Repeat the data that follows in full. Do not include the pictures.

◆ **SOURCE MATERIAL**:
◇ ◇ ◇ ◇ ◇

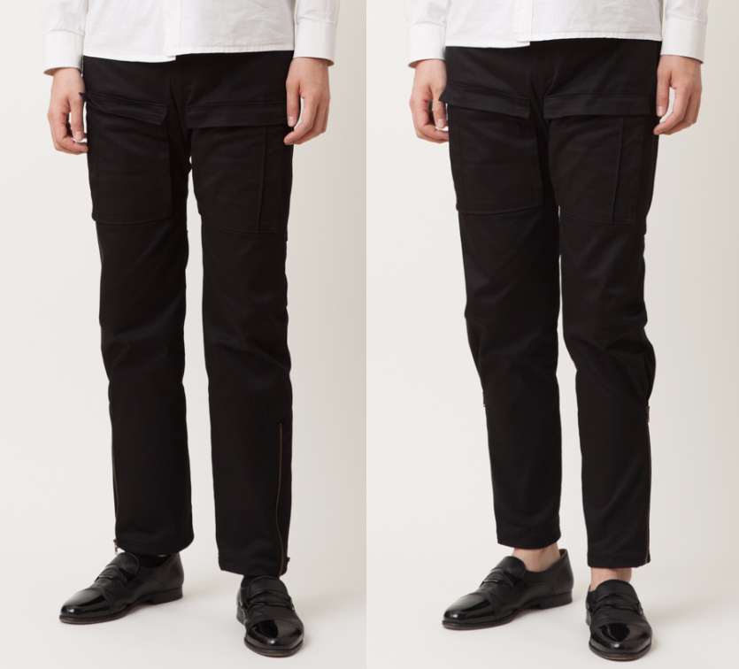 2. サイドジッパーで簡単に裾の太さを変えることが出来るので、気分やシーンに合わせてストレートにもテーパードにもなる1枚2役の優れモノ
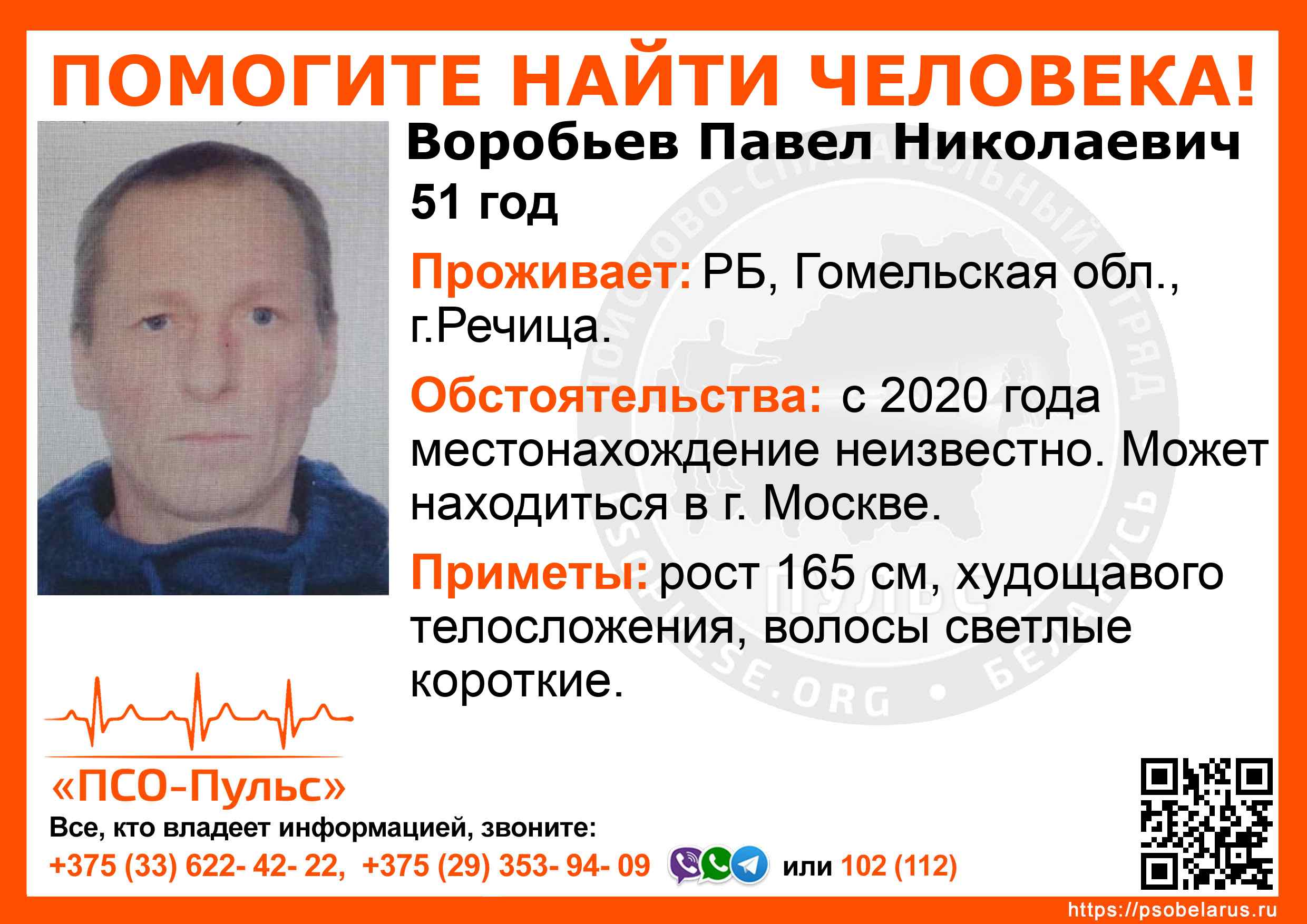 Всех, кто владеет информацией, просим сообщить: ПСО "ПСО-Пульс" +375(33)622-4222 |
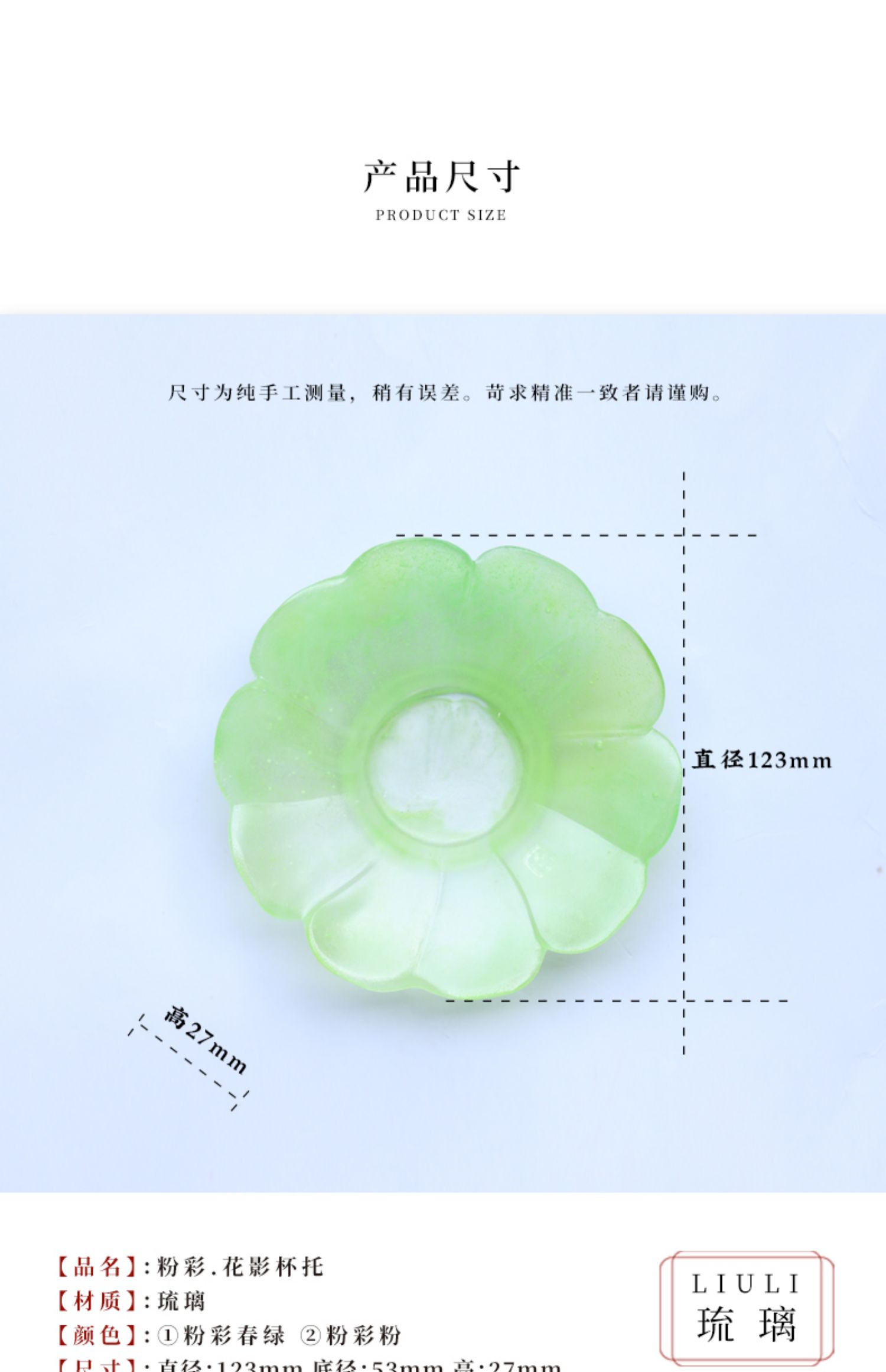 心缘堂琉璃 粉彩绿花影杯托仙女系列茶席置景配件
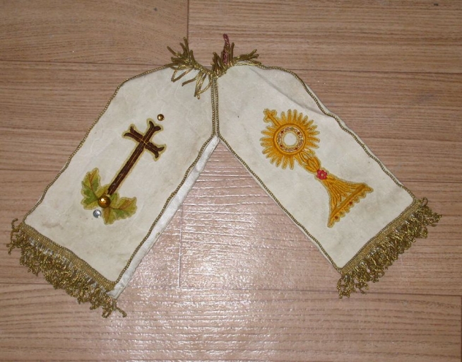 - soie, blanche gros de Tours, brodé, polychrome, application sur textile

◇ ◇ ◇ ◇ ◇

◆ **REPLY TO THE EXERCISE**:
 2. サイドジッパーで簡単に裾の太さを変えることが出来るので、気分やシーンに合わせてストレートにもテーパードにもなる1枚2役の優れモノ
 Всех, кто владеет информацией, просим сообщить: ПСО "ПСО-Пульс" +375(33)622-4222 |
 心缘堂琉璃 粉彩绿花影杯托仙女系列茶席置景配件
 - soie, blanche gros de Tours, brodé, polychrome, application sur textile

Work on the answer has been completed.